Home show conductor— A corporation organized for the purpose of promoting and conducting home shows, the net earnings of which are payable to the county recreational board in the form of rent for the use of its premises, is not exempt from tax. See Rev. Rul. 57–52, 1957–1 C.B. 196.
Rental income of office building— A corporation organized exclusively for charitable purposes which derives its income principally from the rental space in a large commercial office building which it owns, maintains, and operates and uses such income to aid other charitable organizations through contributions and grants is entitled to exemption under IRC 501(c)(3) where it is shown to be carrying on, through such contributions and grants, a charitable program commensurate in scope with its financial resources. It’s primary purpose was not considered to be the conduct of a trade or business for profit. See Rev. Rul. 64–182, 1964–1 (part 1) C.B. 186.
Printing and selling educational and religious material— An organization controlled by a church to print and sell educational and religious material to its parochial school system is not a feeder. It is providing a service to its parent and falls within Reg. 1.502–1(b). See Rev. Rul. 68–26 1968–1 C.B. 272.
Thrift Shop— A separately incorporated organization where volunteer workers sell donated goods to raise funds for a charitable organization named in its charter is engaged in a trade or business under IRC 502. See Rev. Rul. 68–439, 1968–2 C.B. 239. Revoked by Rev. Rul. 71–581, 1971–2 C.B. 236.
Investment services— An organization regularly carrying on an investment service that would be unrelated trade or business if carried on by any of the exempt organizations on whose behalf it operates is not exempt under IRC 501(c)(2) or 501(c)(3). See Rev. Rul. 69–528 1969–2 C.B. 127.
Laundry services operated for hospitals— The criteria to be met in determining the tax consequences of operating laundry services for hospitals are outlined in Rev. Rul. 69–633, 1969–2 C.B. 121.
Investment management services for colleges and universities— A nonprofit organization that provides assistance in the management of participating colleges’ and universities’ endowment or investment funds for a fee substantially below the cost of providing such service is not engaged in a trade or business and qualifies for exemption. Rev. Rul. 69–528 distinguished. See Rev. Rul. 71–529, 1971–2 C.B. 234.
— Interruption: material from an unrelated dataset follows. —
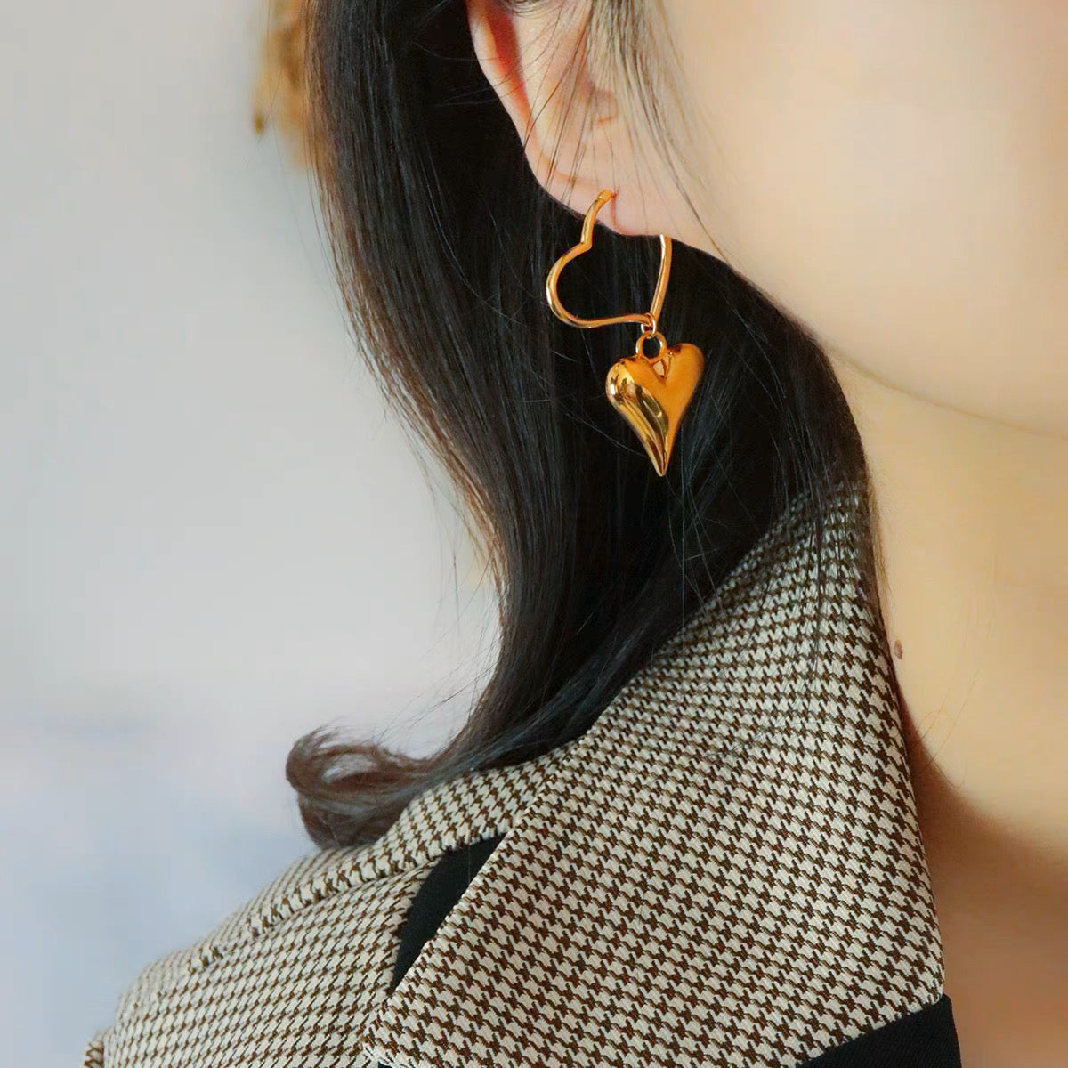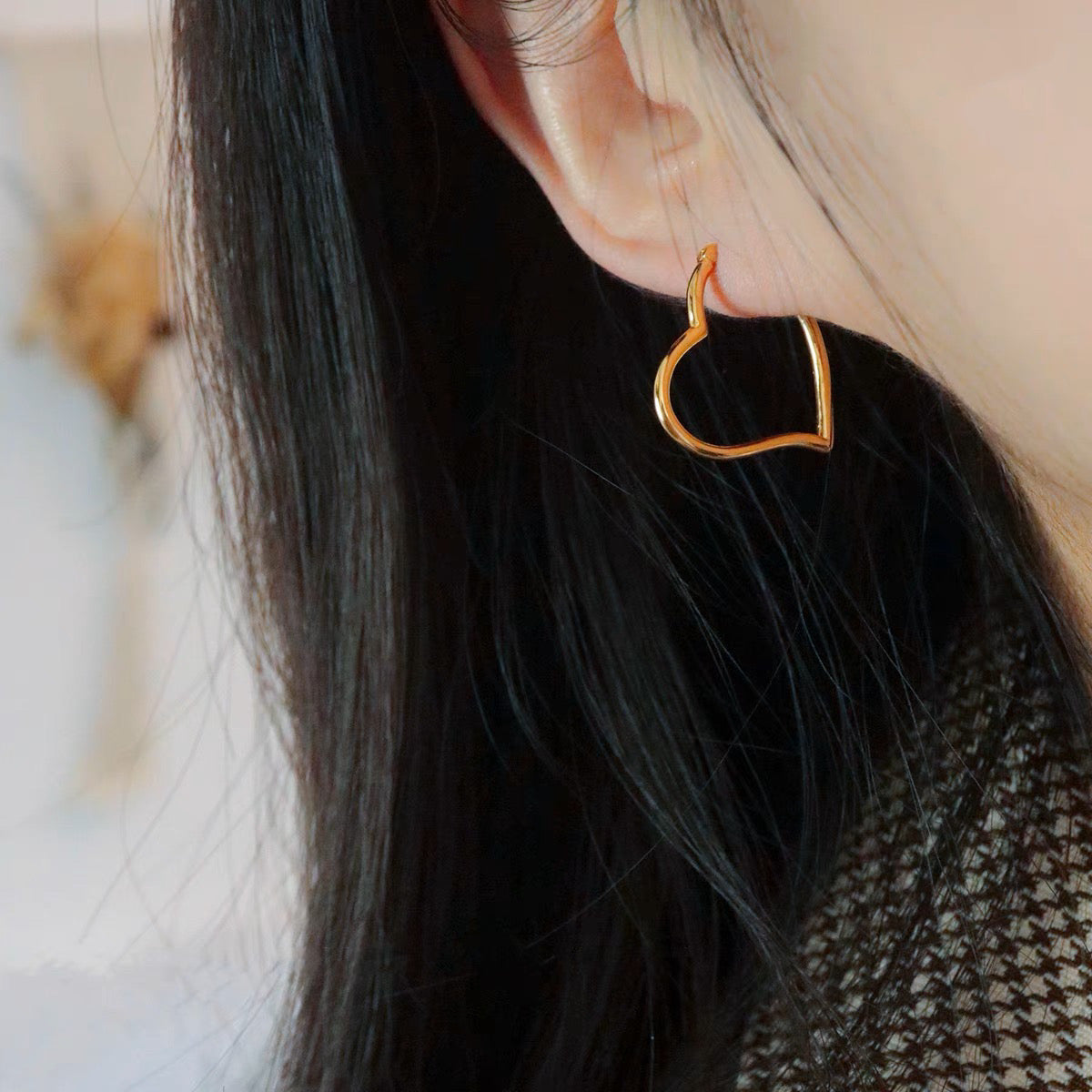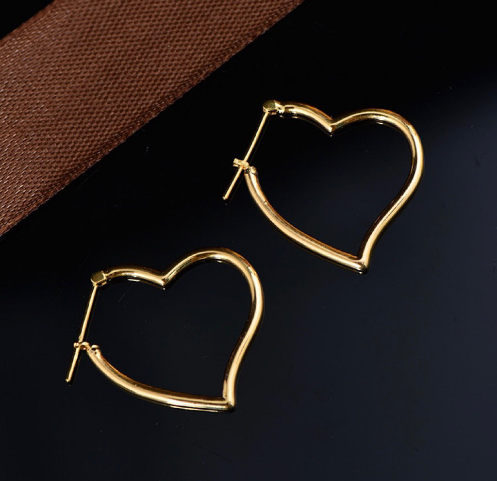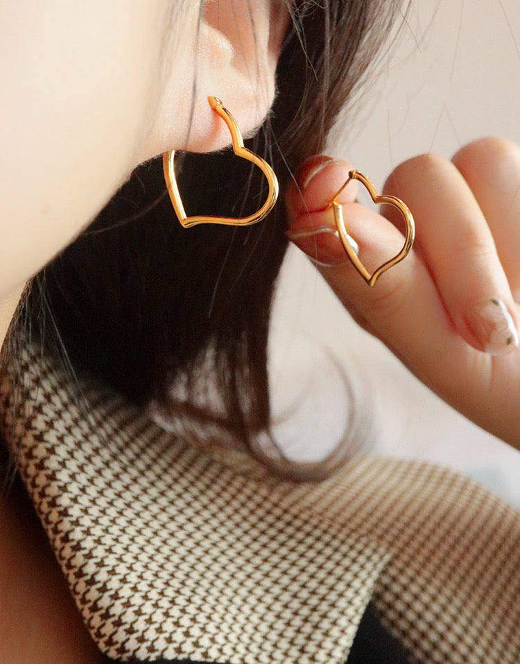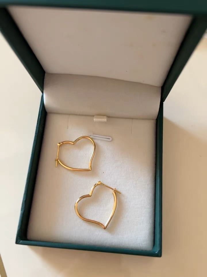 Item: classic 18K solid gold 3D Puffy Heart Hoop earrings, with certification

Thrift Shop— Operation of a separately incorporated thrift shop to raise funds for a group of specified exempt organizations may qualify for exemption under section 501(c)(3) of the Code. See Rev. Rul. 71–581, 1971–2 C.B. 236.
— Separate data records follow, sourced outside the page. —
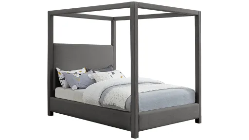 Get plenty of Z's when you sleep in this Emerson Bed. This canopy bed is fit for a king, with four posts providing a luxurious frame for your mattress. Its mid-century modern design and rich linen textured fabric gives the bedframe a cozy feel, making it a wonderful addition to any sleeping space. With its unique blend of wood, linen textured, and foam construction, this bed is both sturdy and large enough to fit royalty.
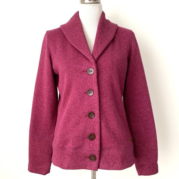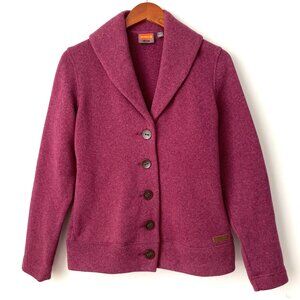 Merrell | Arabella Button Front Cardigan Sweater in size S. Raspberry color. Nice and warm. Side pocket with zipper. Excellent pre-owned condition. No flaws.
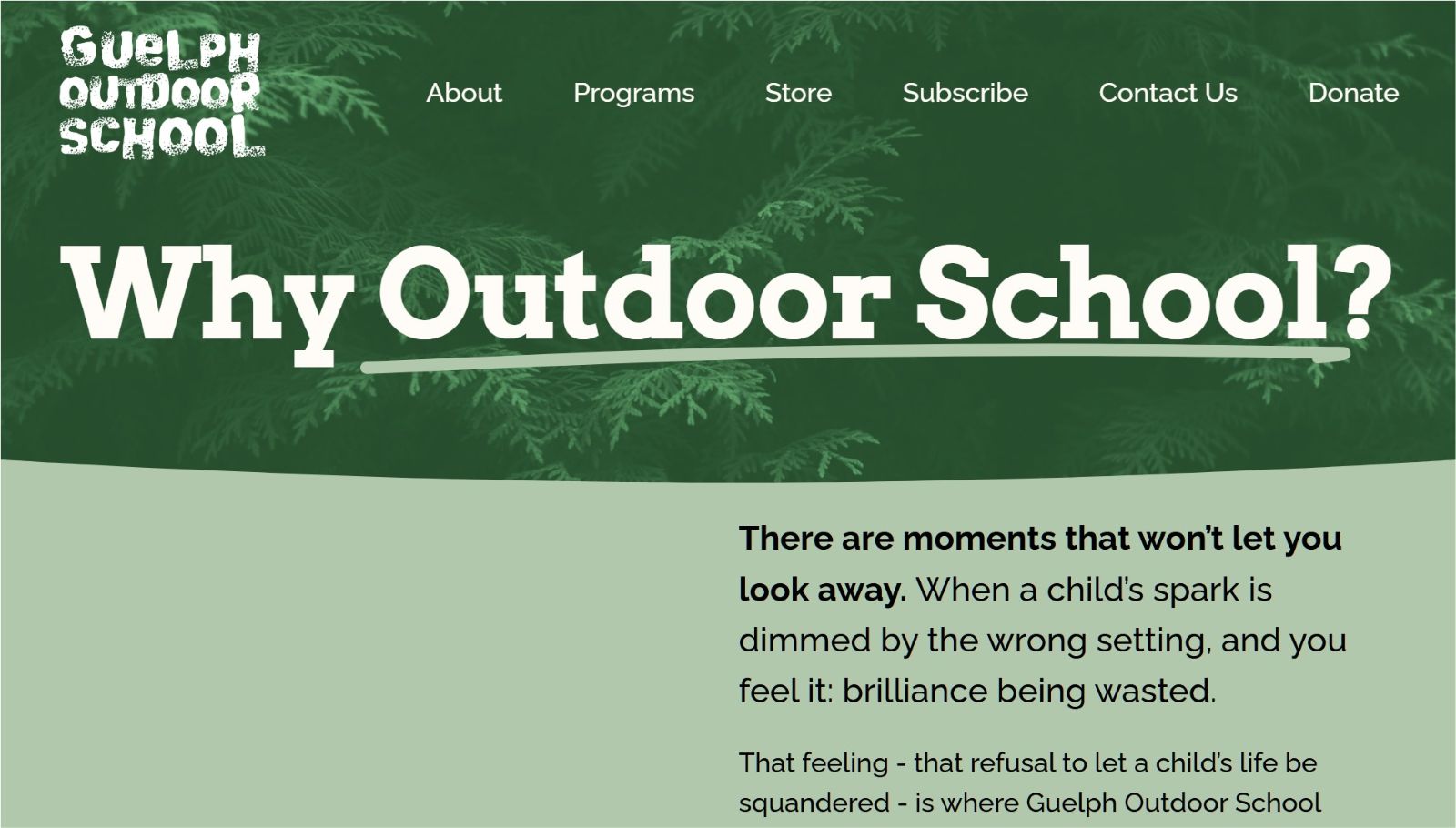 Guelph Outdoor School was born in the fall of 2012 as a solution to a growing constellation of unmistakable needs.

Investment management services— An organization formed to provide managerial and consulting services at cost to unrelated exempt organizations does not qualify for exemption under IRC 501(c)(3). Rev. Rul. 71–529 distinguished. See Rev. Rul. 72–369, 1972–2 C.B. 245.
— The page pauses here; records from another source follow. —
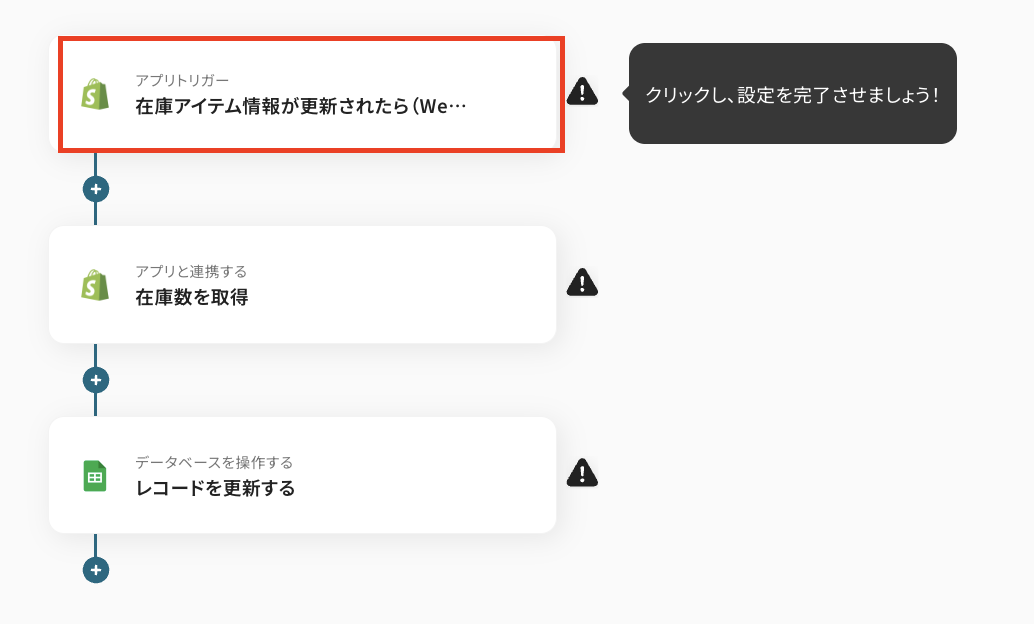 それではここから代表的な例として、「Shopifyで在庫情報が更新された際にGoogle スプレッドシートの在庫情報も自動で更新する」フローの作成手順を解説していきます!
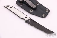With a 3.25” blade, you'll have a nice length to cut with... But since it's only ¾” tall it will fit in your pocket very comfortably. CPM-20CV blade steel is always a great choice for a small fixed blade -- not only for its stainless properties, but for its ability to hold an edge. The form-fitting Kydex sheath in right-pocket configuration, and will be at home in your front pocket as well as on your belt -- so choose the best place for you and carry it every day! SPECIFICATIONS Blade: 0.128” Thick, CPM-20CV, Black DLC Stonewash Finish Handle: 0.30" Thick, White G10 Overall Length:  Sheath: Kydex Sheath with Clip, Right Pocket Carry. New from maker.
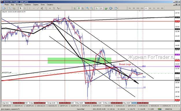 Котировки нефтяного рынка, контракты на смесь Brent, находятся в тенденции снижения, после того, как средний уровень недельных сделок не закрепился выше уровня 125 долларов за баррель в период торгов последней недели апреля. Область уровня 110 долларов может рассматриваться в качестве верхней ценовой области, относительно, «справедливого» диапазона стоимости эталонной смеси нефти, где уровень 100 долларов может рассматриваться «базовым» уровнем. Направление тенденции нефтяных котировок эталонной марки в область уровней 103-107 долларов за баррель. Текущий диапазон в области уровней 110,75-111,75.
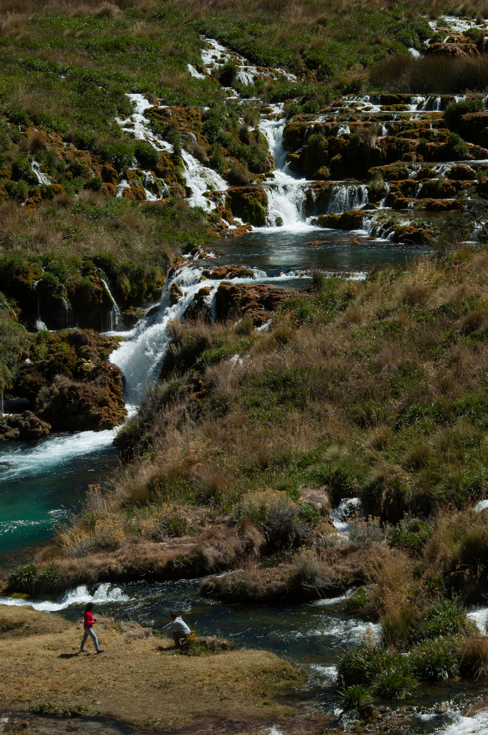 Foto 1. Muestra del origen de las formas de delimitación y construcción humanas. (2015). Lugar: Entre Laraos y Tanta. El hombre signa el suelo, construye un lenguaje de formas comprendidas por los materiales que lo rodean. Reseña: (Primer plano general) Un árbol a la intemperie, circundado por una marisma de piedras. (tercer plano) Una montaña es el principio de lo majestuoso en el hombre. | | Foto 2. La vivienda humana. (2015) Lugar: Tómas. Con el tiempo los materiales cambian, los sistemas se complican. Hay una cierta alquimia en el orden que nos rodea. (Primer Plano) Lavadero del cual dimana el agua que podría bajar de las montañas. Tejados, balcones, ropas, son elementos que relacionan al hombre en con el lugar que habita. (Tercer plano) Cima de montaña | | Foto 3. Paso del agua a través de escalones naturales. (2015) Lugar: Vilca. Reseña: El agua no es silente. En este paisaje mujeres caminan por pequeñas islas formadas debido al flujo del río. | |
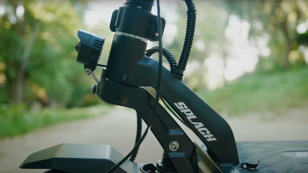 To back up this hefty claim, the Titan packs a wide deck measuring 22 centimeters across and 53.3 centimeters long, to provide you with a confident stance when riding through uneven surfaces. Furthermore, the scooter packs a full suspension system and nine-inch all-terrain tires. Thanks to all these beefy features, the Titan boasts impressive ground clearance, and looks like it’s ready to be ridden down a curb, and on some light gravel trails. Splach has also thrown in a bunch of LED lights, including a few on the sides of the scooter which can be color-customized to your preferences via a mobile app.
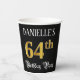This luxurious and ornate birthday themed paper cup design features a personalised name and the message “64th Birthday Party”. The large number “64th” has a faux/imitation gold-inspired colouring pattern, and the words “Birthday Party” are in fancy script-style text. The background is coloured black by default (although it can be customised). Fancy, elegant paper cups like this might be useful at a birthday party/celebration being held in celebration of somebody’s 64th birthday. [~Z0000567]
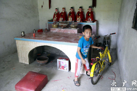 读三年级的谢树华,今年11岁,广东省高州市石古镇人,是一名孤儿,因为家中房屋全部倒塌,无处栖身,现在只能在村中寺庙居住,一住就是半年多。据了解,谢树华的爷爷是独子,父亲也是独子,在他很小的时候,父亲就患病去世。妈妈也因为得知父亲患病,无法医治,对生活丧失信心,在父亲病逝前也远走他乡,至今渺无音讯。前几年,村中热心邻居见其房屋倒塌,无处居所,就好心收留他居住,后来因为邻居家中房子也倒塌了一半和年纪逐大,力不从心,难以管教,只好忍心将他“赶走”。
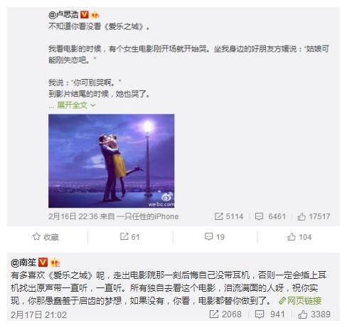 其次,点映之后,无数大V为《爱乐之城》写影评捧口碑,实力加分。

Commercial printing corporation— A church-controlled commercial printing corporation whose business earnings are periodically paid to the church, but which has no other significant charitable activity, is a feeder organization and does not qualify for exemption. See Rev. Rul. 73–164, 1973–1 C.B. 223.
Thrift Shop— Organization that operates a thrift shop substantially all of the work of which is performed without compensation is not a feeder. The sale of items on consignment does not result in prohibited inurement. See Rev. Rul. 80–106, 1980–1 C.B. 113.